Phase 2 - Automatic Failover: Add built-in health checking and automatic failover management to the library, removing the need for manual intervention.
Architecture
Phase 1 - Manual Switchover
┌─────────────────────────────────────────────────────────┐
│ Geo Lookup Library │
├─────────────────────────────────────────────────────────┤
│ GeoLookupClient │
│ ├── Provider Registry │
│ ├── Provider Selector (config-driven) │
│ └── Response Normalizer │
├─────────────────────────────────────────────────────────┤
│ Providers │
│ ├── GetAddressProvider (primary) │
│ ├── GooglePlacesProvider (fallback) │
│ └── BaseProvider (abstract interface) │
└─────────────────────────────────────────────────────────┘
│
▼
┌──────────┐ ┌─────────────────┐
│ Geo Svc │◄───────│ Uptime Robot │
│ │ | (monitoring) │
└──────────┘ └─────────────────┘
│
▼
┌─────────────────┐
│ Manual config │
│ change to swap │
│ provider │
└─────────────────┘
Phase 2 - Automatic Failover
┌─────────────────────────────────────────────────────────┐
│ Geo Lookup Library │
├─────────────────────────────────────────────────────────┤
│ GeoLookupClient │
│ ├── Provider Registry │
│ ├── Health Checker ◄── NEW │
│ ├── Failover Manager ◄── NEW │
│ └── Response Normalizer │
├─────────────────────────────────────────────────────────┤
│ Providers │
│ ├── GetAddressProvider (primary) │
│ ├── GooglePlacesProvider (fallback) │
│ └── BaseProvider (abstract interface) │
└─────────────────────────────────────────────────────────┘
│ │
▼ ▼
┌──────────┐ ┌───────────┐
│ Geo Svc │ │ Geo Svc │
| [Flux] | | [Hutsoft] |
└──────────┘ └───────────┘
Key Features
| Feature | Phase | Description |
|---|
| Provider Abstraction | 1 | Unified API regardless of underlying service |
| Response Normalization | 1 | Consistent response format across all providers |
| Configurable Provider | 1 | Select active provider via configuration |
| External Health Monitoring | 1 | Uptime Robot monitors provider health |
| Manual Switchover | 1 | Change provider via config during outages |
| Metrics & Logging | 1 | Track provider performance and failures |
| Built-in Health Checker | 2 | Periodic health checks on all configured providers |
| Automatic Failover Manager | 2 | Circuit breaker pattern for automatic provider switching |
Affected Applications
Primary Integration
- Universal geo service (immediate integration)
Main Consumers (highest traffic)
- Adrian Flux, Sterling and Bikesure EPAs
- Adrian Flux and Sterling JAF forms
Other Potential Consumers
- Viitata
- Forecaster
- Katala
- Any future projects requiring geo lookup
Impact
API Compatibility
This proposal maintains 100% API compatibility with the existing geo service.
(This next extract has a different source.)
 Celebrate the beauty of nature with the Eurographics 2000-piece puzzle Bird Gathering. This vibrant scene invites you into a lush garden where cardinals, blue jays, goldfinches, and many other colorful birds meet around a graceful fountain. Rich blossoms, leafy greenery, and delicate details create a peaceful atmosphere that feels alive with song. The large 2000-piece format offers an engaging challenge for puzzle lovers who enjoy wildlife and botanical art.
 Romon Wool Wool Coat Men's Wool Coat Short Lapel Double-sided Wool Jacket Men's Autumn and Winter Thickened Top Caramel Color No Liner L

No consumer application changes will be required. The library will be integrated behind the existing service
interface, making this change completely transparent to Adrian Flux, Sterling, Bikesure EPAs, JAF forms, and all other consumers.
Services Affected
- Universal geo service (internal code changes for library integration)
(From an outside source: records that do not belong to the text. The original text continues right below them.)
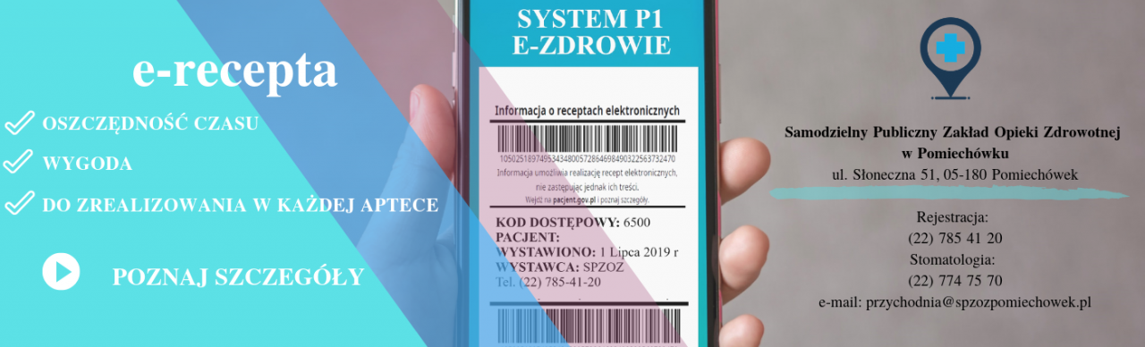 Recepta elektroniczna (e-recepta) to kolejny etap cyfryzacji ochrony zdrowia w Polsce. Od stycznia 2019 r. wszystkie apteki na terenie kraju mają możliwość jak również obowiązek realizacji recept elektronicznych dzięki dostępowi do platformy e-zdrowie. Obecnie w SPZOZ w Pomiechówku recepty są już wystawiane w formie elektronicznej.
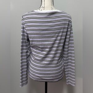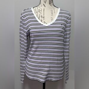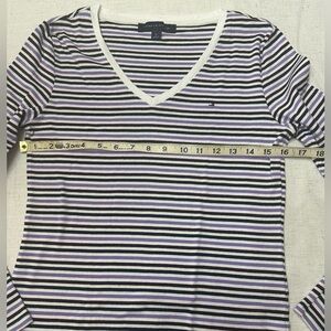 👚 TOMMY HILFIGER Women’s Purple & White Stripe Long Sleeve V-Neck T-Shirt - Size Medium 🌟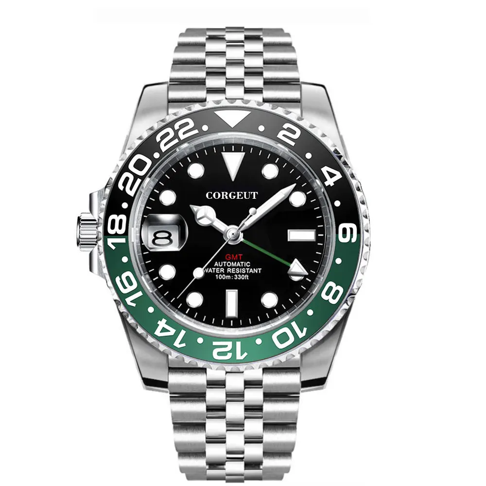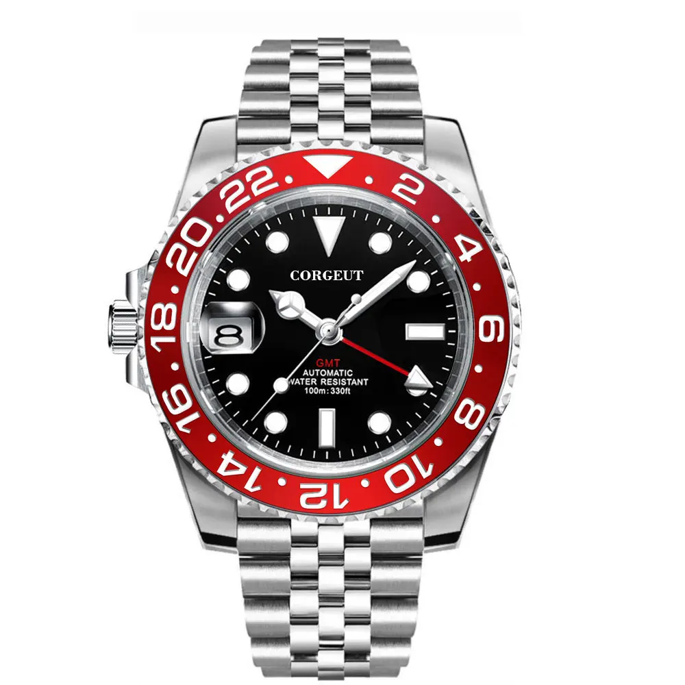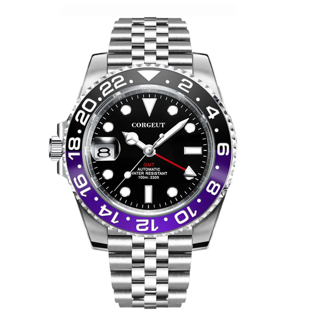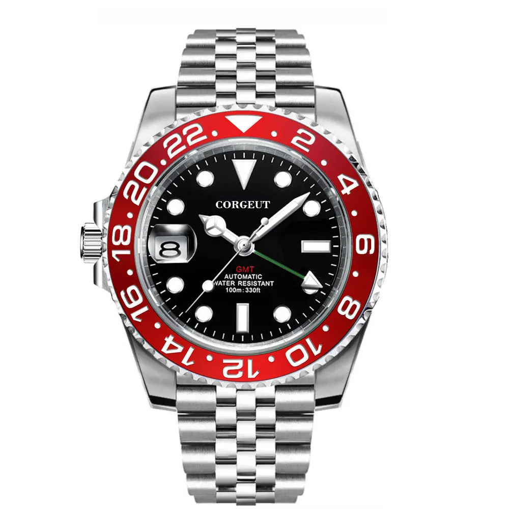 Особенности:Светящиеся makrs, светящиеся стрелки, 10 АТМ, однонаправленный керамический ободок, GMT

- Quote service (indirect - improved reliability)
Technical Considerations
- API compatibility will be maintained for existing geo service consumers
- Response format normalization between different providers
- Rate limiting and quota management per provider
- Caching strategy to reduce API calls and costs
- Configuration management for API keys across environments
Data Considerations
- Different providers may return slightly different address formats
- UK-specific address formatting (getaddress.io strength)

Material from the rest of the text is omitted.